[Source records Boundary: Start]
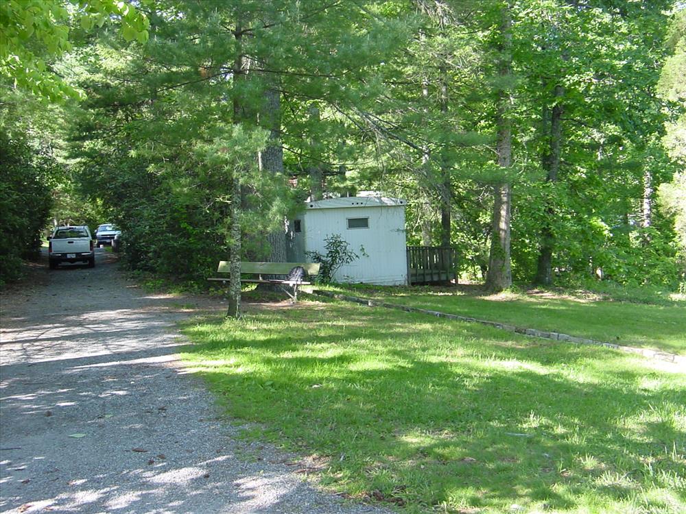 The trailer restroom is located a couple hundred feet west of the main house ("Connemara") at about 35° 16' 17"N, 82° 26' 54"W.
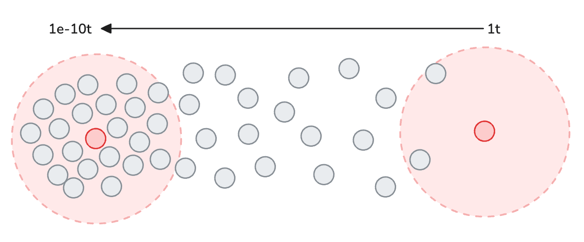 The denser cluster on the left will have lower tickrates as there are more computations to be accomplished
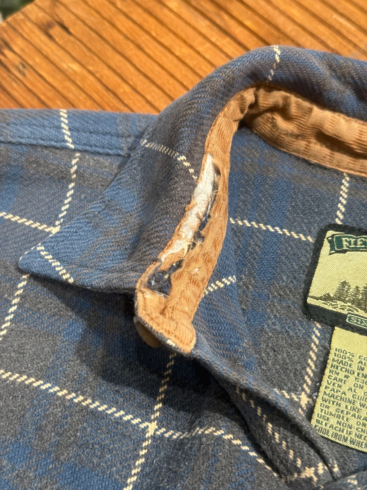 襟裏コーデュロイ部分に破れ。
[Source records Boundary: End]
[Source records Boundary: Start]
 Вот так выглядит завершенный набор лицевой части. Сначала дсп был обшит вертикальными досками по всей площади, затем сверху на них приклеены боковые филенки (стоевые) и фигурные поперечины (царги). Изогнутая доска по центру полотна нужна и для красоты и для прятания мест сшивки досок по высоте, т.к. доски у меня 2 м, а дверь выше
[Source records Boundary: End]
> **Your task**: Everything above from the line containing "The trailer restroom" down to the line containing "襟裏コーデュロイ部分に破れ。" is to be duplicated exactly, both lines included, and the pictures are to be omitted.

> **Solution for this problem**:
 The trailer restroom is located a couple hundred feet west of the main house ("Connemara") at about 35° 16' 17"N, 82° 26' 54"W.
 The denser cluster on the left will have lower tickrates as there are more computations to be accomplished
 襟裏コーデュロイ部分に破れ。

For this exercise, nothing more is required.